What is expected ::
Below, locate the line that contains "SwallowLiving 18Inch White". Repeat exactly from that line to the line that contains "Crochet Lover Raglan", inclusive, leaving out the pictures.

Supplied material ::
-------

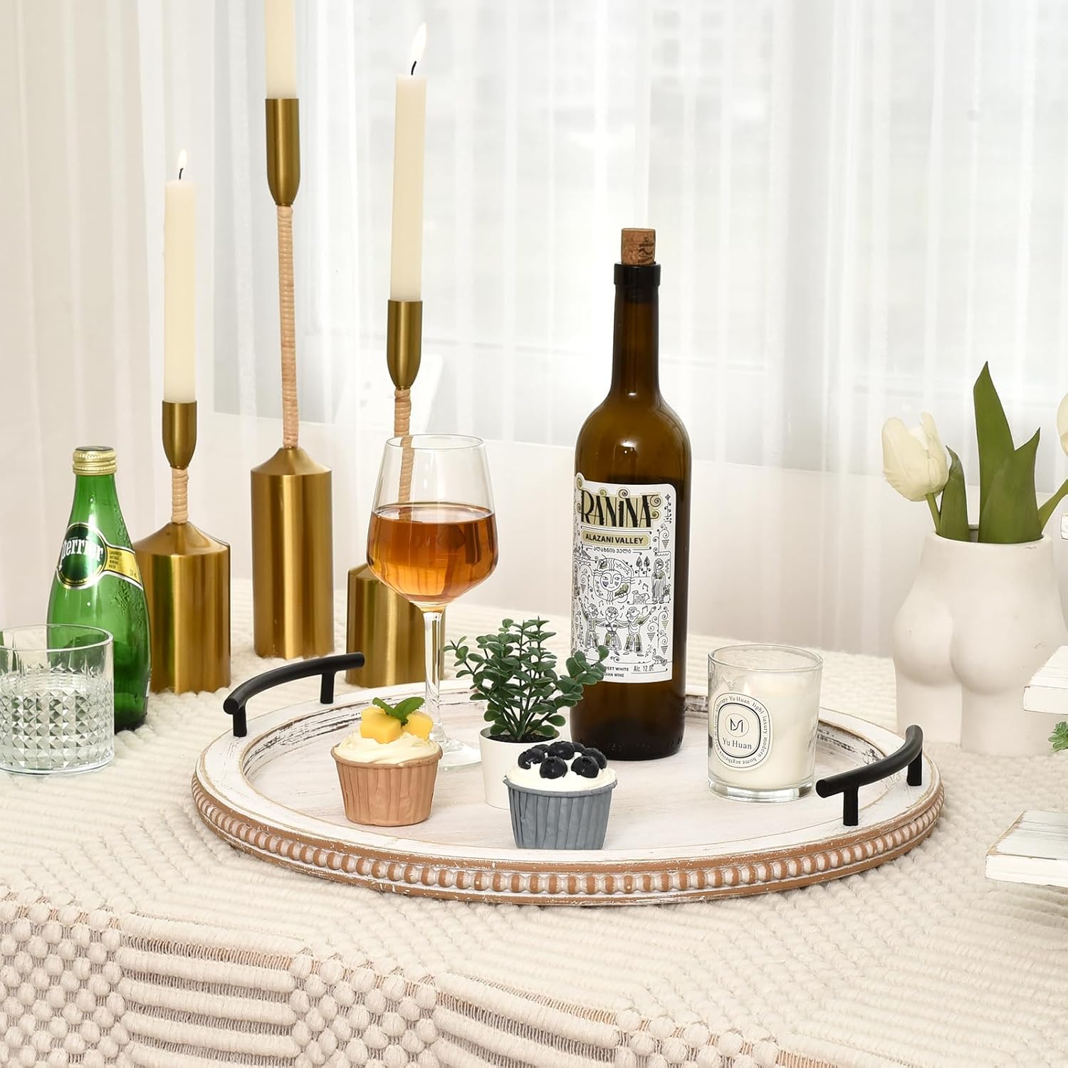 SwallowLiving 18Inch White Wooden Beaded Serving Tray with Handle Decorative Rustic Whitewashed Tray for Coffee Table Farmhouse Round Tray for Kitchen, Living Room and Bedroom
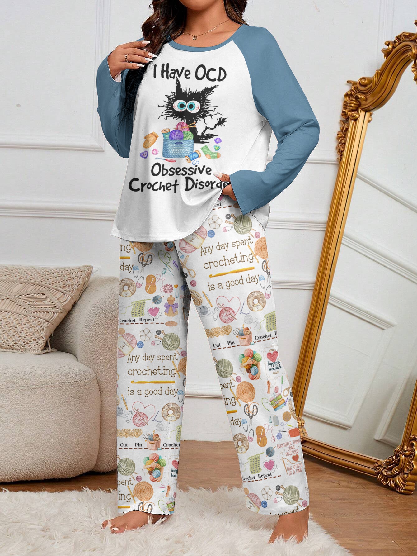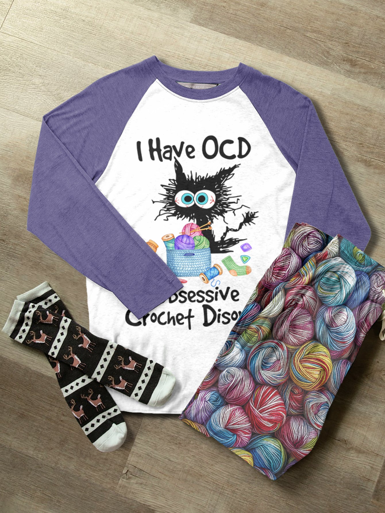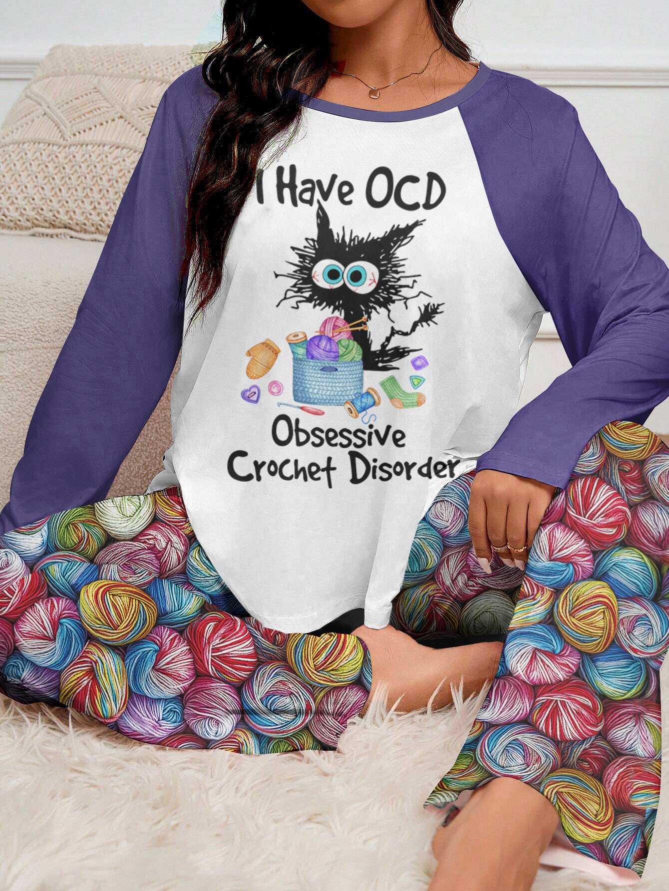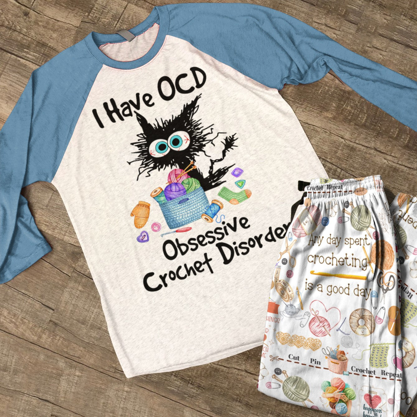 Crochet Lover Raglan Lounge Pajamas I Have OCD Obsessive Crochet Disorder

-------

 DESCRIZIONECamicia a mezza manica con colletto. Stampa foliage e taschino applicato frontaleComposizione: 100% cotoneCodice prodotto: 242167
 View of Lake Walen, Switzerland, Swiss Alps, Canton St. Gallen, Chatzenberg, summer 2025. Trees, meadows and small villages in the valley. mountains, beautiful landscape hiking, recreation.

-------

Worked solution ::
 SwallowLiving 18Inch White Wooden Beaded Serving Tray with Handle Decorative Rustic Whitewashed Tray for Coffee Table Farmhouse Round Tray for Kitchen, Living Room and Bedroom
 Crochet Lover Raglan Lounge Pajamas I Have OCD Obsessive Crochet Disorder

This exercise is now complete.